**** STUDY MATERIAL ****
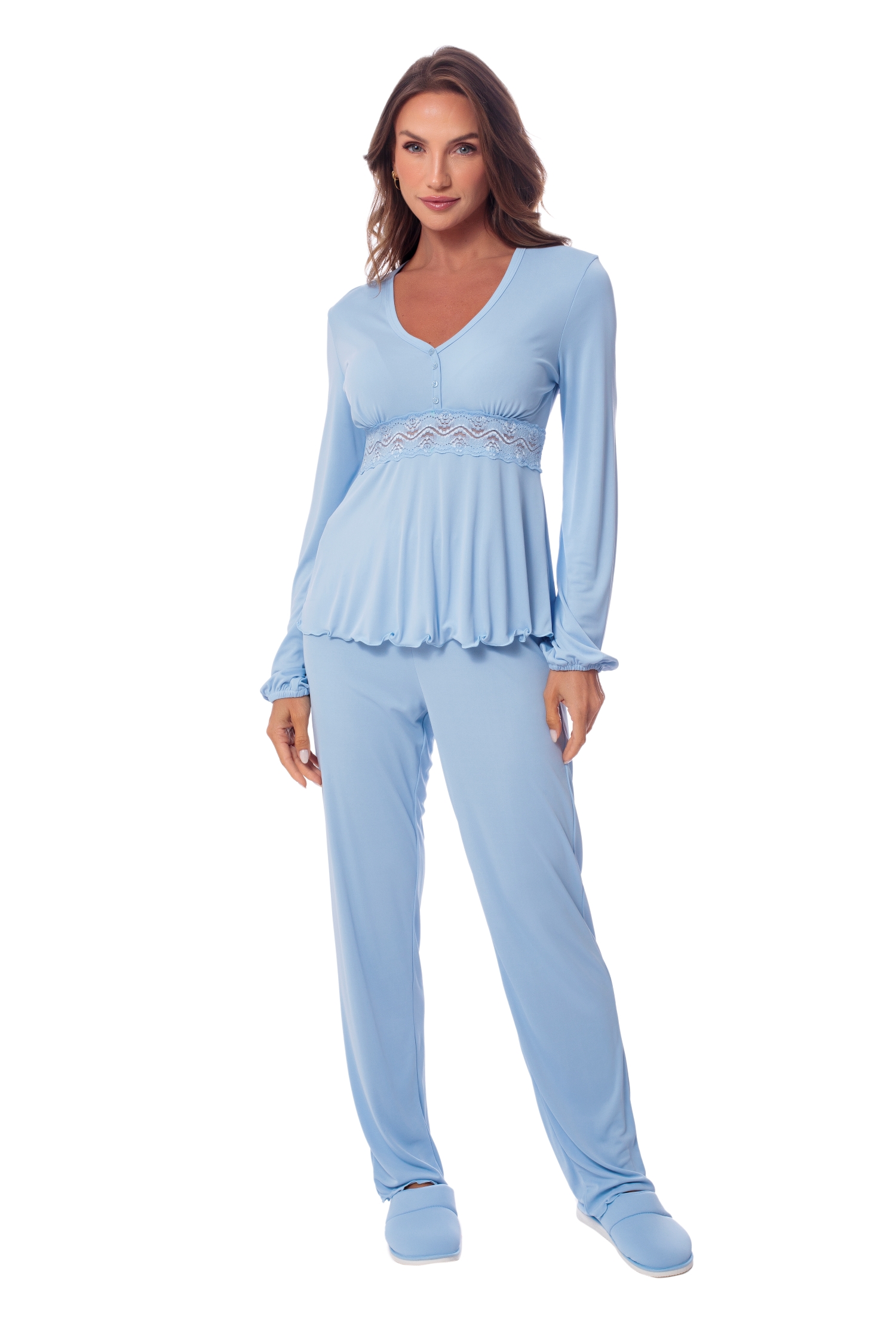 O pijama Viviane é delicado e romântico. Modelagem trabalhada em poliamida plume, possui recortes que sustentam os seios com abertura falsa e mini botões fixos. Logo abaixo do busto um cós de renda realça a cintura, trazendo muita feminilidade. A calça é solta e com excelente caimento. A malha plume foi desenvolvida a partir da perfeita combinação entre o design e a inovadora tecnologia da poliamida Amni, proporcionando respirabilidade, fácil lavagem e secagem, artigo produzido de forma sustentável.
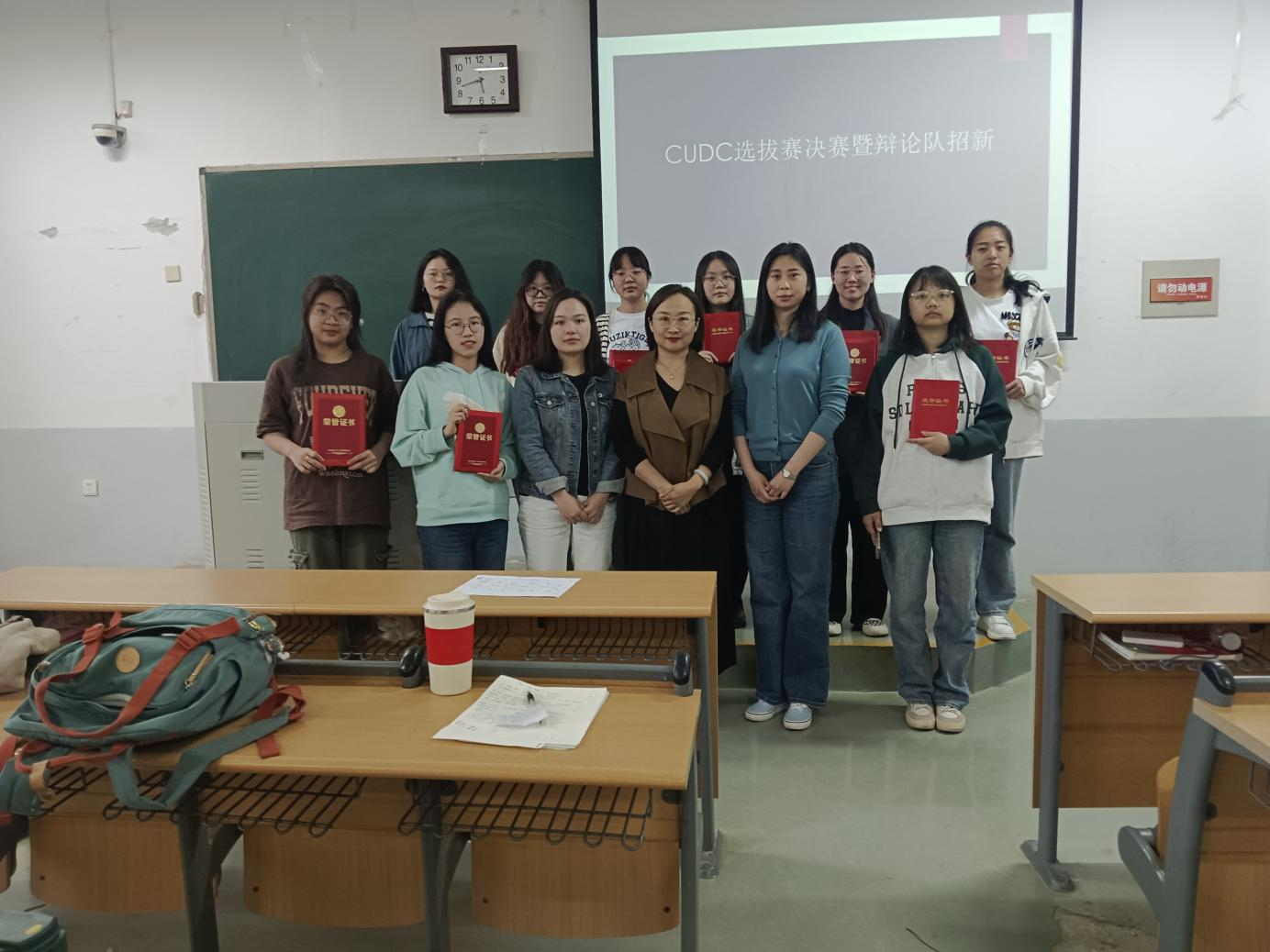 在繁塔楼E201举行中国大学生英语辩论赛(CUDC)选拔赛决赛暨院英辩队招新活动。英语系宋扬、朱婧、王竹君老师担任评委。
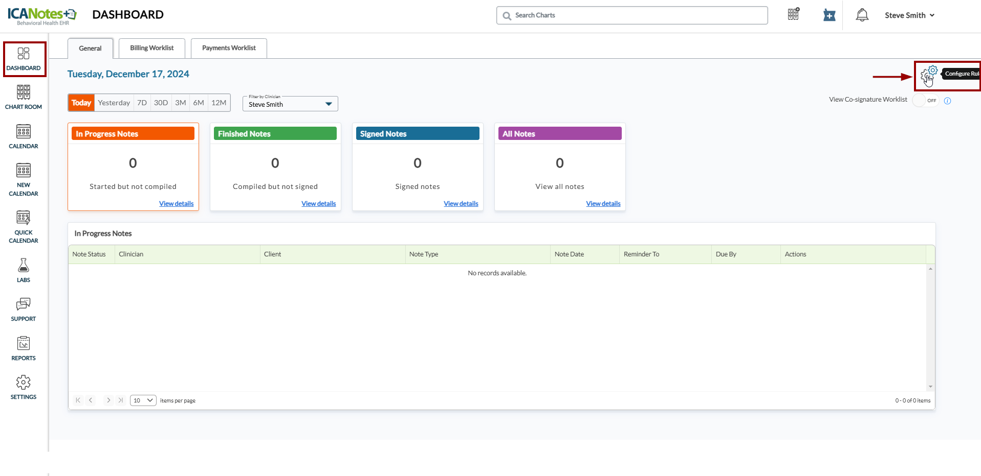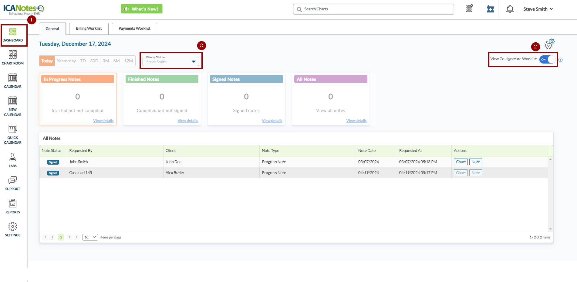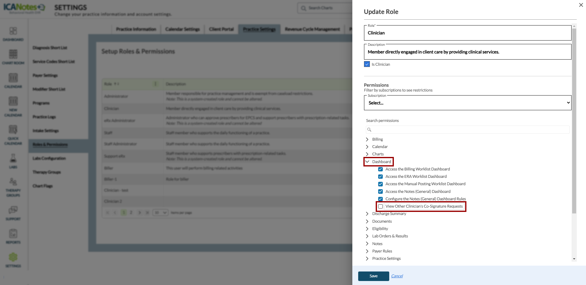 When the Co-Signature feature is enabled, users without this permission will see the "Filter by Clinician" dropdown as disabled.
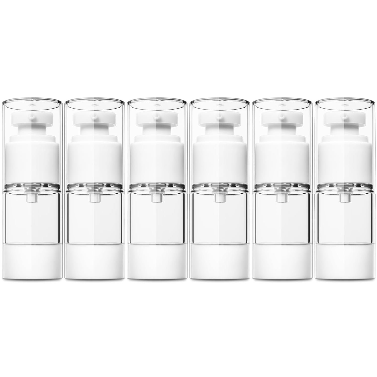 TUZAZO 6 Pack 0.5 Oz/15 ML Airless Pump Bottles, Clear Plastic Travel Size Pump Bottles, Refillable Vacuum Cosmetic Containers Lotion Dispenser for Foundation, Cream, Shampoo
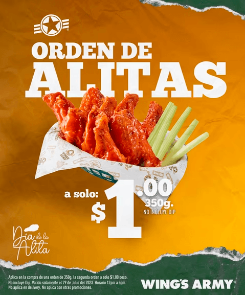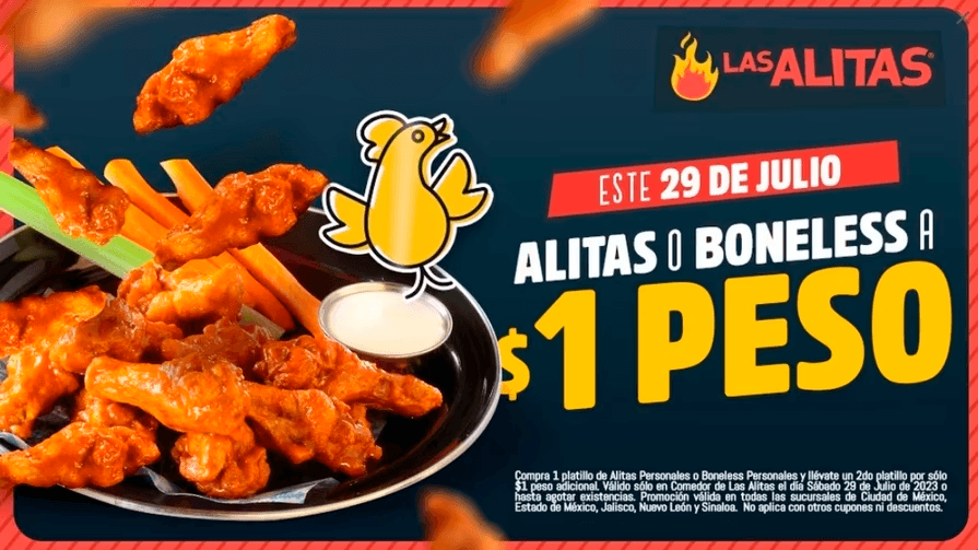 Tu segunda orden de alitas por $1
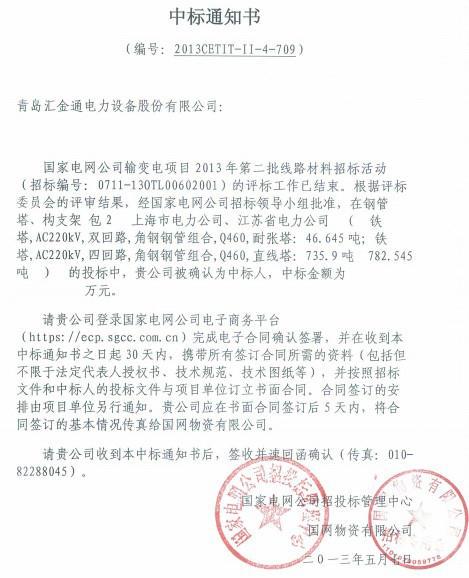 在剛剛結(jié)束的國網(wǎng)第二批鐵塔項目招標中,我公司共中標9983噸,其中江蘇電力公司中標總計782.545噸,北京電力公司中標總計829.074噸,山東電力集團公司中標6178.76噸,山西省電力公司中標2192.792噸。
****
## [EXERCISE BRIEF]
Take the line containing "Tu segunda orden de alitas por $1" as the first and the last line of the records as the end. Print every line in that span exactly, leaving out pictures.

## [RESULT OF THIS TASK]
 Tu segunda orden de alitas por $1
 在剛剛結(jié)束的國網(wǎng)第二批鐵塔項目招標中,我公司共中標9983噸,其中江蘇電力公司中標總計782.545噸,北京電力公司中標總計829.074噸,山東電力集團公司中標6178.76噸,山西省電力公司中標2192.792噸。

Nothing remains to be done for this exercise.